By spring, both parents and kids are running on empty. Your child has been managing a classroom environment that wasn't designed for their brain for nine months, and you've been advocating, coordinating, and problem-solving without a break. The exhaustion is real — and it's cumulative, not a sign that something went wrong.
Is it normal to feel like I failed my child this school year?
Yes — and it's also not accurate. As a Reading Specialist who has worked with hundreds of families, I've never met a parent who showed up consistently and failed their child. What I have seen is parents exhausted by a system that wasn't built for differently-wired kids, blaming themselves for the system's gaps. That feeling is information, not truth.

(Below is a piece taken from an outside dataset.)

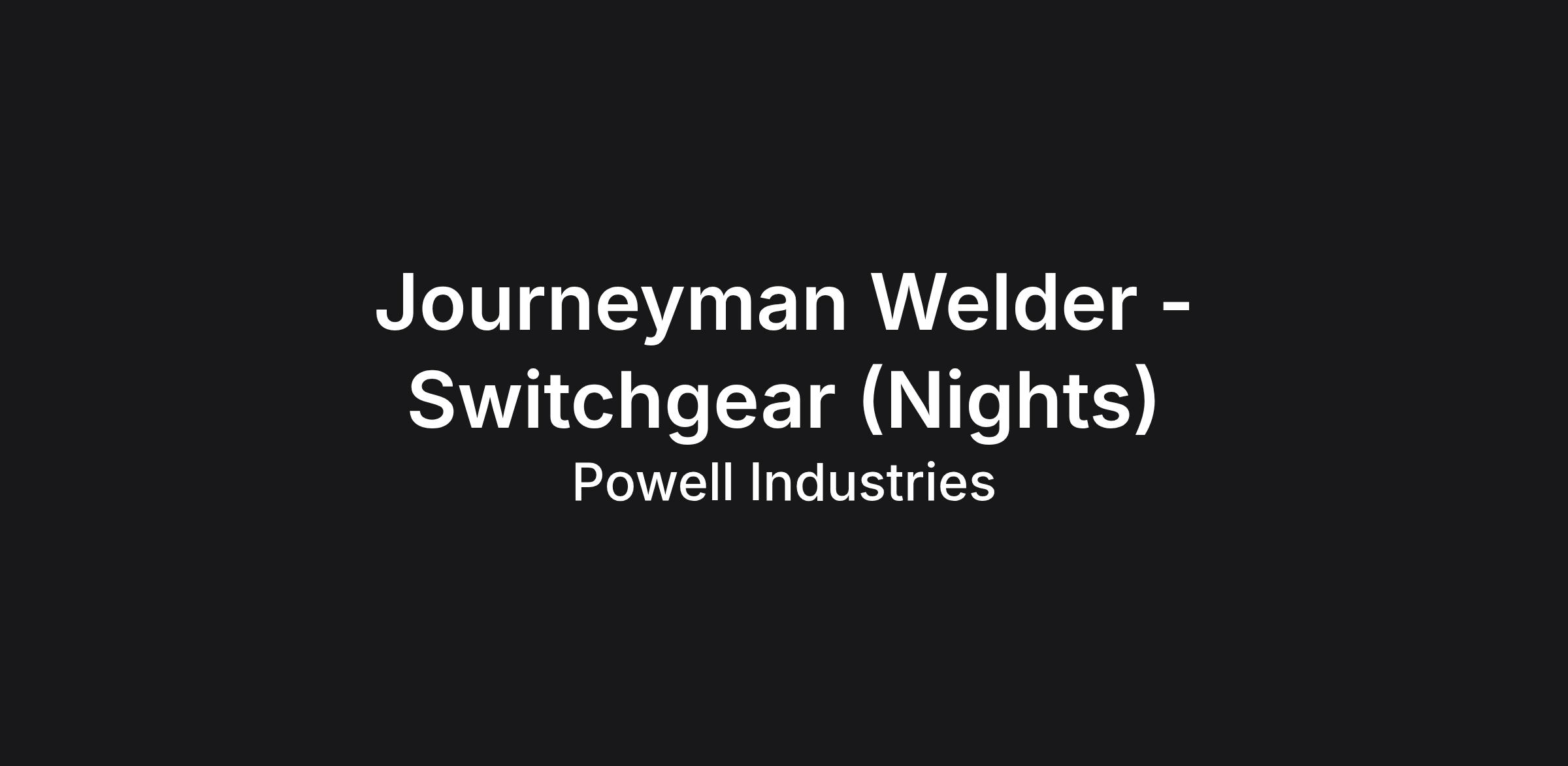 Based out of the Electrical Division Edmonton (EDE) location, the Journeyman Welder will report to the Manufacturing Supervisor of the Fabrication department. The Journeyman Welder will use a variety of welding processes and tools to produce precision parts and to construct Powell Canada products.

What should families with ADHD and dyslexia actually do differently this summer?
The most effective summers aren't catch-up sprints — they're intentional resets. That means getting clear on how your child's brain actually works, identifying one or two tools that fit their learning style, and building the routines that will hold when September arrives. Small and sustainable beats intensive and exhausting every time.

If you're reading this in March or April, I already know something about you.
You're tired in a way that sleep doesn't fix. You've been to more meetings this year than you ever expected. You have a child who is genuinely brilliant in ways that don't always show up on paper — and you've spent most of this school year trying to explain that to people who see a grade, not a whole kid.
And somewhere underneath all of it, there's a quiet fear: What if I'm not doing enough? What if I'm missing something? What if summer goes by and nothing changes?
I want to talk about that. Not to fix it — not yet — but because you deserve to understand what's actually happening.
Why Does the End of the School Year Hit So Hard for ADHD and Dyslexia Families?
The end of the school year is brutal for families raising kids with ADHD, dyslexia, and other learning differences. And it's not because you've done anything wrong. Here's what's actually going on:
Your child has been white-knuckling it for nine months. The coping strategies, the accommodations, the effort to hold it together in a classroom that wasn't designed for their brain — all of it adds up. By spring, the tank is empty. That dysregulation you're seeing at 3pm? That's not behavior. That's exhaustion. If you've noticed your child's RSD flaring more intensely this time of year, that's part of the same pattern — read more about what RSD looks like and what to do about it here: Rejection Sensitive Dysphoria post
You've been advocating in a system that isn't always set up to hear you. IEP meetings, 504 reviews, teacher conferences, specialist appointments — each one requires you to be calm, articulate, and informed while also being scared and exhausted. If those 15-minute parent conferences have left you feeling like you never get to say what actually matters, you're not imagining it. Why 15-Minute Parent Conferences Fail
Report cards arrive right when everyone is most depleted. The grades, the comments, the comparisons — they hit harder in May than they would in October. Not because anything is more true. Because you're more tired.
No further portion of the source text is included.